▸ **Work instructions**
Print the listing from its top line through the line containing "牧童男女童鞋2017夏秋季新款单网透气大中小童运动休闲镂空毛毛虫", nothing more, and leave out the pictures.

▸ **Information provided**
= = =

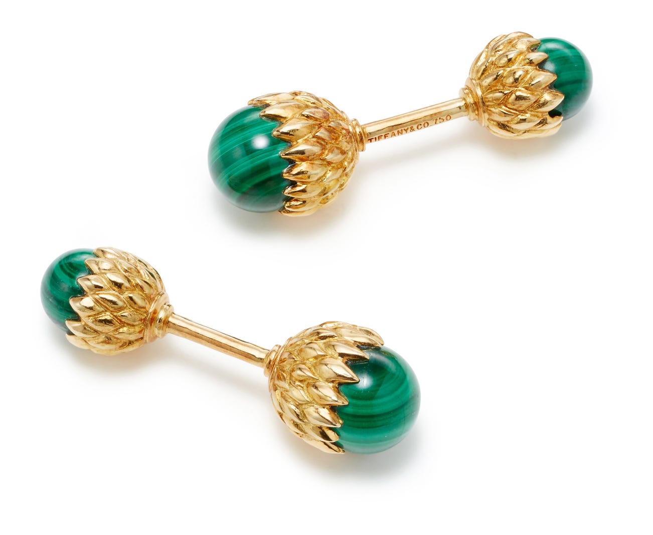A Pair of Malachite and Gold Cufflinks
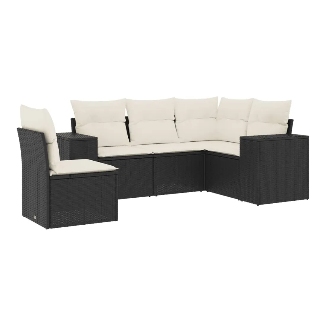 Salon de jardin 5 pcs avec coussins noir résine tressée
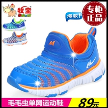 牧童男女童鞋2017夏秋季新款单网透气大中小童运动休闲镂空毛毛虫
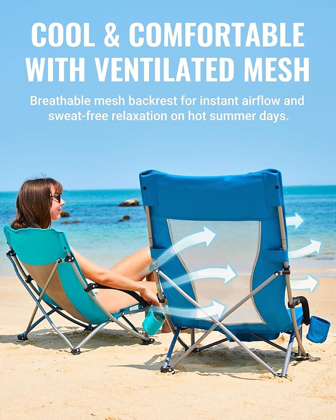 • 【Versatile for All Outdoor Adventures】Stay cool and comfortable even on the hottest days. Our mesh back design allows air to flow freely, keeping your back cool and preventing heat buildup, so you can enjoy the outdoors without discomfort. Perfect for a variety of outdoor activities! Whether you're at the beach, camping, picnicking, or simply relaxing on your lawn, this chair is the ideal choice for comfort and durability.

= = =

▸ **Reply**
A Pair of Malachite and Gold Cufflinks
 Salon de jardin 5 pcs avec coussins noir résine tressée
 牧童男女童鞋2017夏秋季新款单网透气大中小童运动休闲镂空毛毛虫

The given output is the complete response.